Central Station is one of the main European railway stations and it is the second in Italy in terms of traffic volume, after Roma Termini; it was inaugurated in 1931 to replace the old station in Piazza della Repubblica, that couldn’t handle the increasing volume of railway traffic. Since then, it has been refurbished different times. The façade in Piazza Duca D’Aosta, where the Pirelli skyscraper towers, is 200 metres wide; the marble and stone it is made of come from the Carso Region. On top, the two huge wing horses by Alberto Fava represent “Progress, driven by will and intelligence”.
The canopy covering the 24 tracks, 341 metres long, is made of iron and glass and it was planned by the engineer Alberto Fava. Central Station has no definite architectural style, but it is a blend of different styles: Liberty, Art Deco added to the monumental style typical of the fascist regime. Binario 21 (Track 21) has been the sad departure point during the Second World War and during the Republica Sociale Italiana of the convoys used to deport Italian Jews towards the exterminating camps.

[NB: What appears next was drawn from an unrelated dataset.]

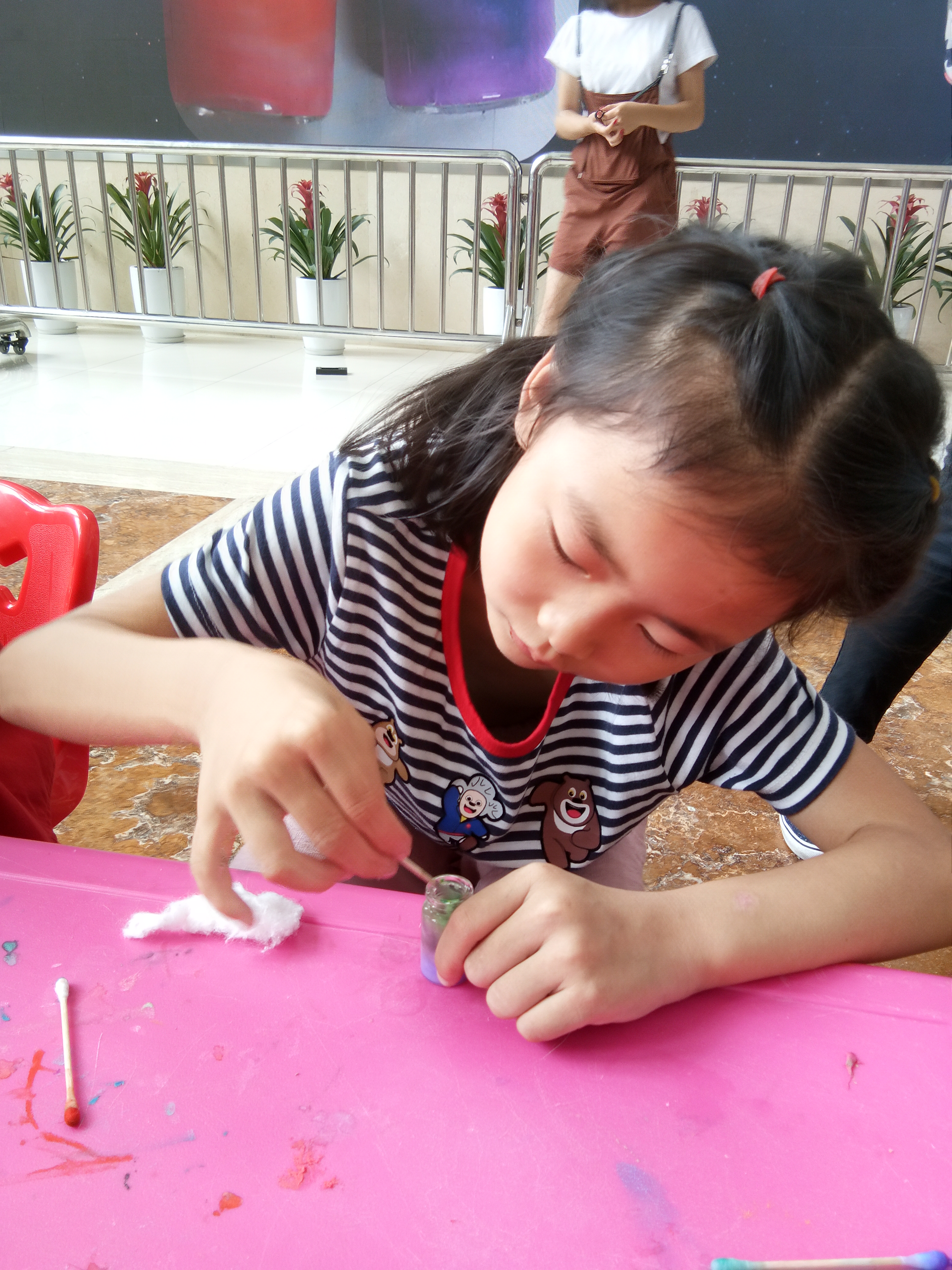 看似小巧的瓶子实则精细,看似简单的步骤实则需要耐心细心。而到场参加活动的小朋友们都能在队员的帮助下按照老师的步骤耐心并且认真地制作星云瓶,很多小朋友都成功地完成了制作。而年龄较小的小朋友则能在家长的陪同下一起制作。这小小的星云瓶不仅能体现小朋友对色彩的辨识度和提高小朋友的色彩搭配技艺,更能考验小朋友的耐心与细心。虽然是第一次制作,手法生疏,但每一位小朋友的成果却都有着别样的美。
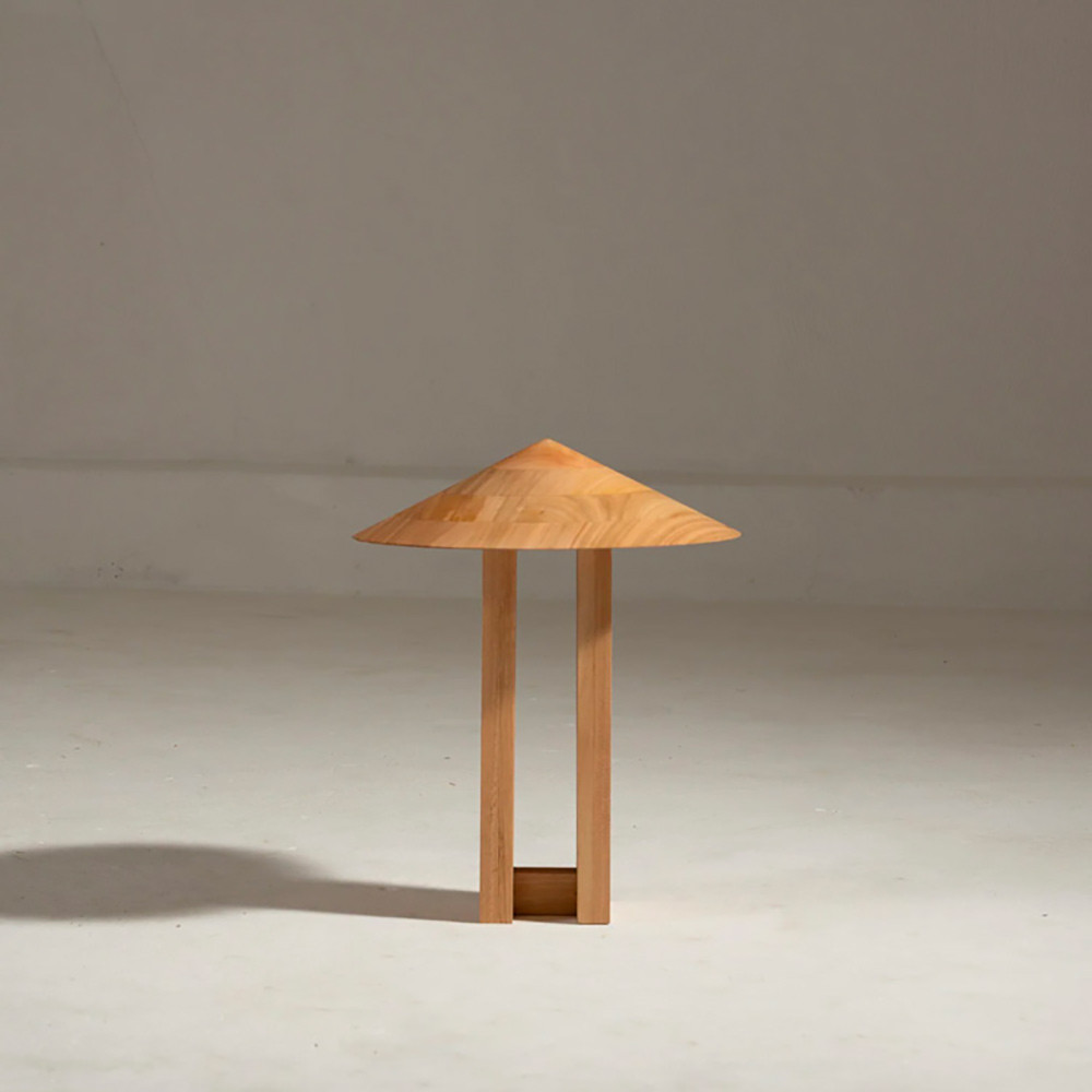 Beneath a conical shade, two vertical uprights compose an architecture reduced to its essence: a shelter for light.

At the same rail, there is the “Royal Lounge”, a lounge used in the past by the Savoia family and its court during their travels and the adjoining weapons lounge. The area surrounding Central Station, although it is not safe, holds good surprises such as Villa Figini, a good example of rationalist architecture of the thirties in Via Ettore Perrone di San Martino 8 and Naviglio della Martesana (Martesana Canal). At night there are lots of restaurants, trattorias old Milan, pizza places and clubs, such as the well-known Zelig. It is recommended not to walk around this area at night.